Input records
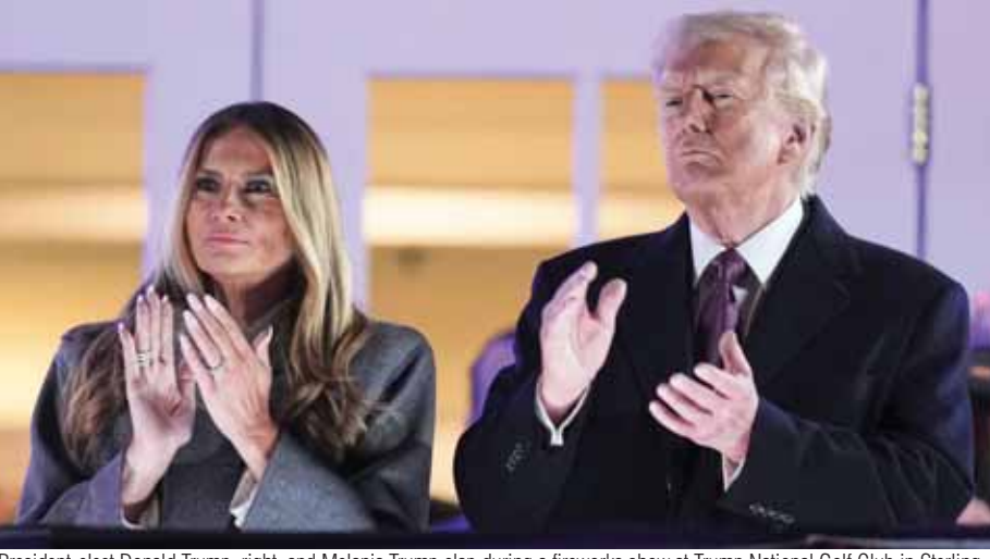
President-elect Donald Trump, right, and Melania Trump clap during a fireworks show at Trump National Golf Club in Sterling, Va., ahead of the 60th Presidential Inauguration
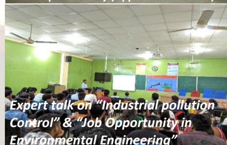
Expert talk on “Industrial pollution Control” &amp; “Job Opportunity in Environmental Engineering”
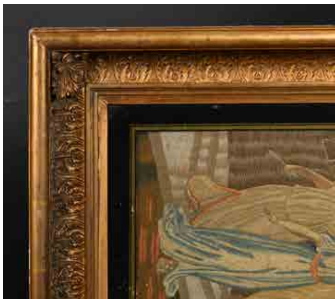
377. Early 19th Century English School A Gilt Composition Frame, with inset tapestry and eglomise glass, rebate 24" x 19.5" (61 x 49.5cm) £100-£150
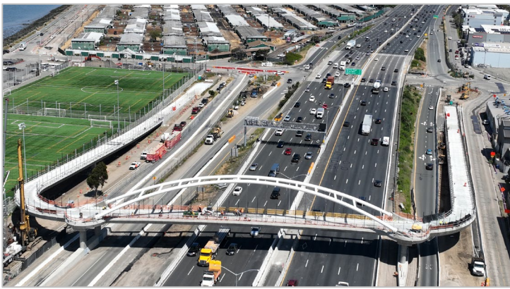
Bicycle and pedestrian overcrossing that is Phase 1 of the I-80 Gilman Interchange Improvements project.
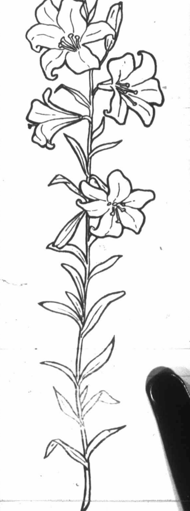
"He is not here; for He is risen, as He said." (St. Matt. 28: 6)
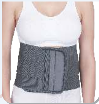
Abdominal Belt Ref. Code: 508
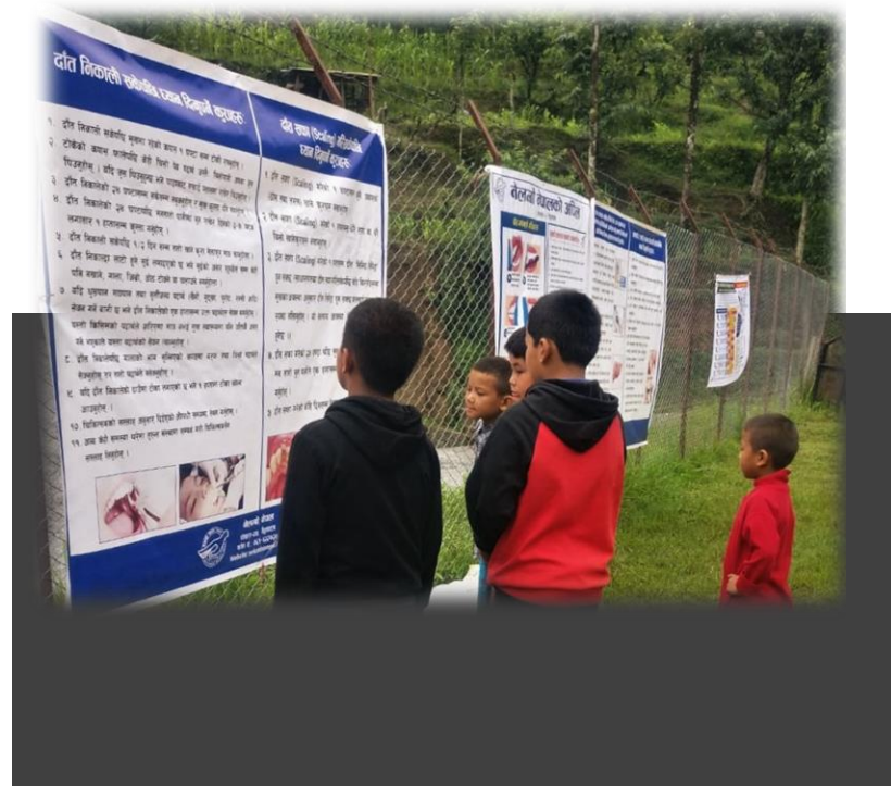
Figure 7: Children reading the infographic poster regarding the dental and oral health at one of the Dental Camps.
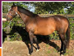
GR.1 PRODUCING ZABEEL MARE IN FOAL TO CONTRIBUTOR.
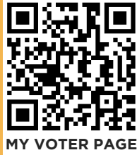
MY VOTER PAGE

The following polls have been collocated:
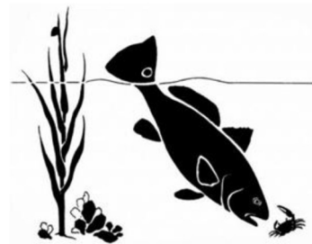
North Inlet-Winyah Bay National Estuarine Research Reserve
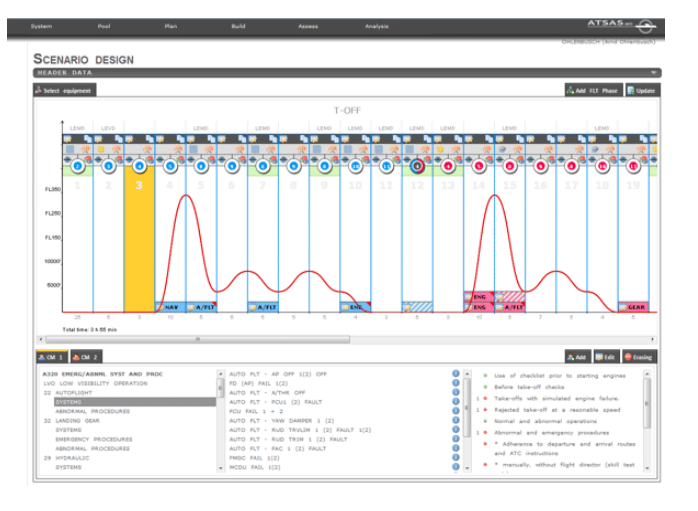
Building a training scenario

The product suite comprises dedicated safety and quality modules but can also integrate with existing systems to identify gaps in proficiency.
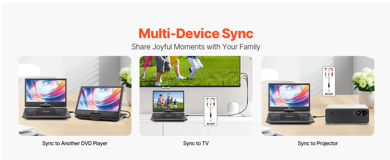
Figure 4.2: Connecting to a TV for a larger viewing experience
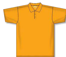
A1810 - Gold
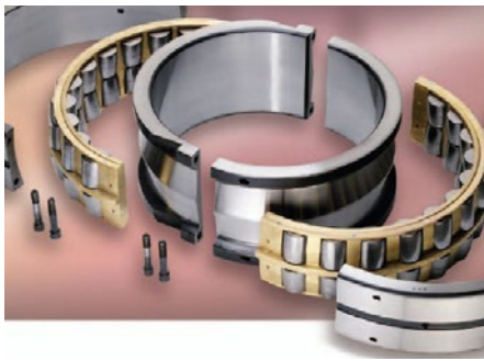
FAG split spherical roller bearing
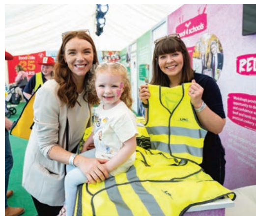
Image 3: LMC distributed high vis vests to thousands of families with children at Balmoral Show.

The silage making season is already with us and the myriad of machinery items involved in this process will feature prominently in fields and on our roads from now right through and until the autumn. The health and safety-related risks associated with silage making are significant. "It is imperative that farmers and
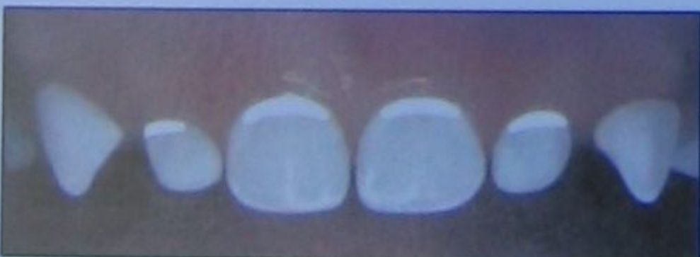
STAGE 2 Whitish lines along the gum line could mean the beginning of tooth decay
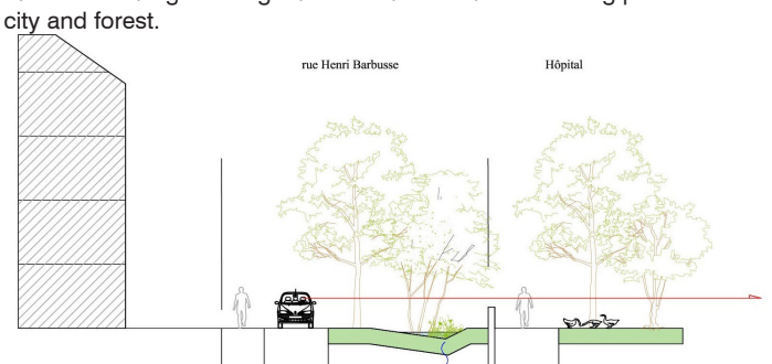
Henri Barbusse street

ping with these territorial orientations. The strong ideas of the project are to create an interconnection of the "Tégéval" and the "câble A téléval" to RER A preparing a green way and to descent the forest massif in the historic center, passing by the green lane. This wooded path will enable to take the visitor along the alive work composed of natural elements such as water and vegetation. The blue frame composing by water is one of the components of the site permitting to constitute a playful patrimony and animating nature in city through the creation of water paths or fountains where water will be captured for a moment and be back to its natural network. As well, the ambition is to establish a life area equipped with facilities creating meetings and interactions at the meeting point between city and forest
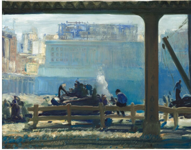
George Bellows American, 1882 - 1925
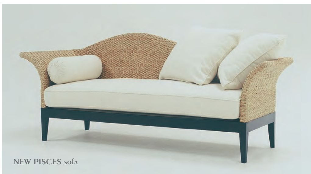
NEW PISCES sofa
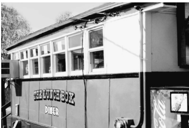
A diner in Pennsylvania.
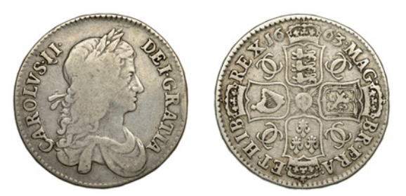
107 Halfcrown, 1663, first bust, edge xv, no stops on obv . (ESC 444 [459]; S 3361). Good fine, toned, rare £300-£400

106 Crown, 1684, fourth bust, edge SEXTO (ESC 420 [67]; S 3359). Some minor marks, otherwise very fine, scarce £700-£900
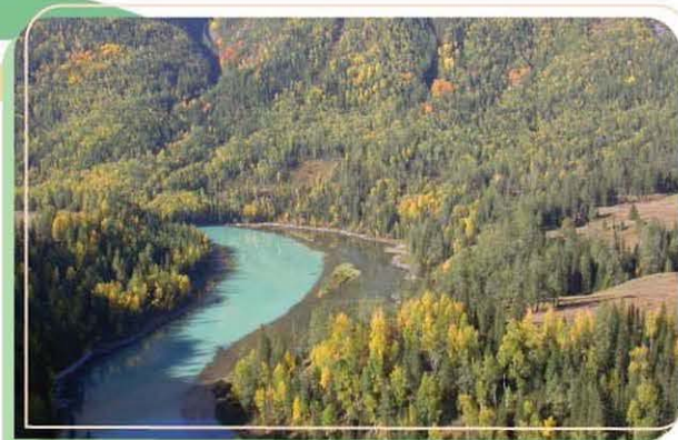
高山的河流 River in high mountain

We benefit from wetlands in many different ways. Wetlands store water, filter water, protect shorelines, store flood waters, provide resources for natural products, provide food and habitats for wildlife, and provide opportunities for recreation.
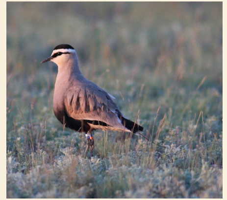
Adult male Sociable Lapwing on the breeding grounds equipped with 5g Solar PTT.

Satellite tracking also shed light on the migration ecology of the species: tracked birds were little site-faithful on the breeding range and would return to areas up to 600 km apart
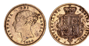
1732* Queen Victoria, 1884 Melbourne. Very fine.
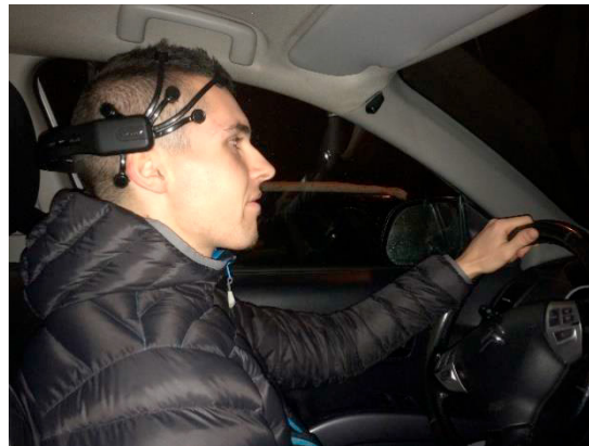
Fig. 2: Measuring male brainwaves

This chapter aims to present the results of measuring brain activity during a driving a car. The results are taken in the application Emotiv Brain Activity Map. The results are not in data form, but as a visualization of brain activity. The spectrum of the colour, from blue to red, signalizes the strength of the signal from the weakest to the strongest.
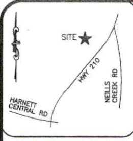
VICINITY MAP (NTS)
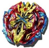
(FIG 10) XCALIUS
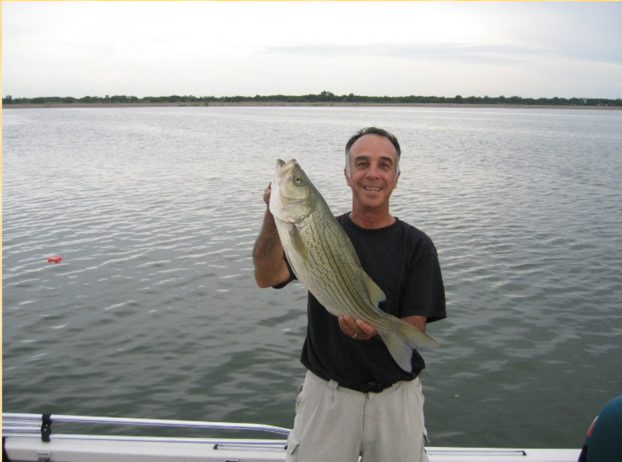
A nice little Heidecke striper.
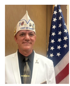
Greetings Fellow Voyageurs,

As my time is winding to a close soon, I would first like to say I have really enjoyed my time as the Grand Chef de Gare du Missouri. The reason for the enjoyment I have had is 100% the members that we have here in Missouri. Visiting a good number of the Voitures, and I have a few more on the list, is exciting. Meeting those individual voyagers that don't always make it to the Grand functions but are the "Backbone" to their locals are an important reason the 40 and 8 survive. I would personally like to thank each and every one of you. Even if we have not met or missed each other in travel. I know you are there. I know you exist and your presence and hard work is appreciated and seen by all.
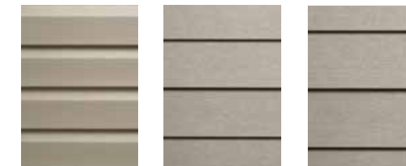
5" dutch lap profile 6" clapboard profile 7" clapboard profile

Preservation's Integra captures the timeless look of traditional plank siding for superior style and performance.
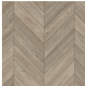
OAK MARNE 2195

Your goal
Pictures are to be left out, and the lines from the beginning of the records through the line with "Bicycle and pedestrian" are to be printed exactly, with nothing added.

The answer
President-elect Donald Trump, right, and Melania Trump clap during a fireworks show at Trump National Golf Club in Sterling, Va., ahead of the 60th Presidential Inauguration
Expert talk on “Industrial pollution Control” &amp; “Job Opportunity in Environmental Engineering”
377. Early 19th Century English School A Gilt Composition Frame, with inset tapestry and eglomise glass, rebate 24" x 19.5" (61 x 49.5cm) £100-£150
Bicycle and pedestrian overcrossing that is Phase 1 of the I-80 Gilman Interchange Improvements project.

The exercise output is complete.